Provided data
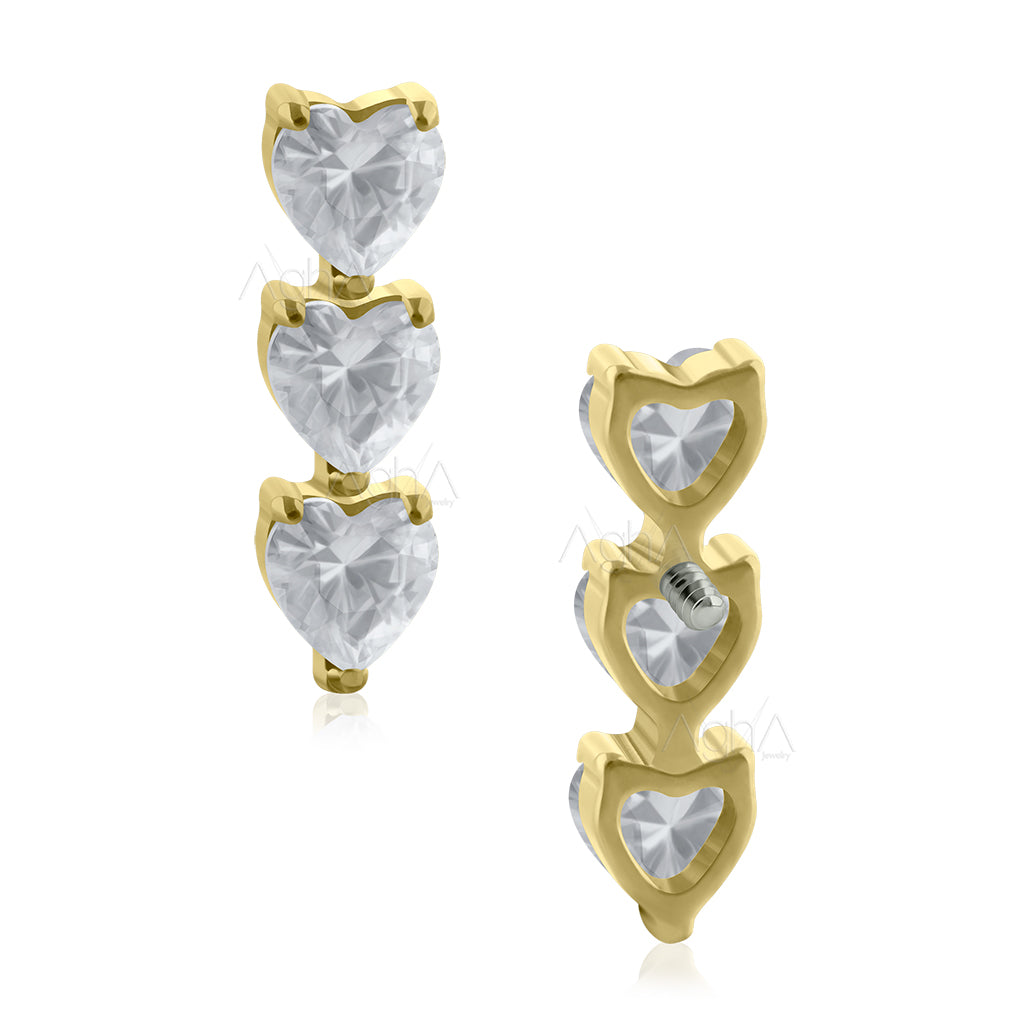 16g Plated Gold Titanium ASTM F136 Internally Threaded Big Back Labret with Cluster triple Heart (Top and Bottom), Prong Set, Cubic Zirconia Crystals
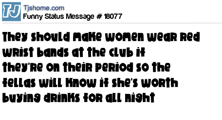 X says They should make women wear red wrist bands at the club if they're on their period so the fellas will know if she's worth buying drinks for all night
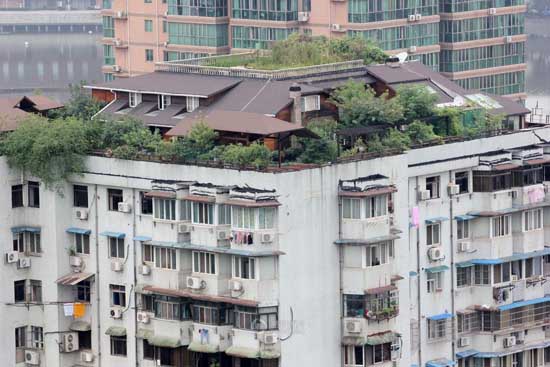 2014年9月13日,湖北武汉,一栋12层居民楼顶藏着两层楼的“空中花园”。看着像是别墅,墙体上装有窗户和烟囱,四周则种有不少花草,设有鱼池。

Required action
Where the data contains an image, skip the image and copy everything else exactly as it appears.

Answer box
 16g Plated Gold Titanium ASTM F136 Internally Threaded Big Back Labret with Cluster triple Heart (Top and Bottom), Prong Set, Cubic Zirconia Crystals
 X says They should make women wear red wrist bands at the club if they're on their period so the fellas will know if she's worth buying drinks for all night
 2014年9月13日,湖北武汉,一栋12层居民楼顶藏着两层楼的“空中花园”。看着像是别墅,墙体上装有窗户和烟囱,四周则种有不少花草,设有鱼池。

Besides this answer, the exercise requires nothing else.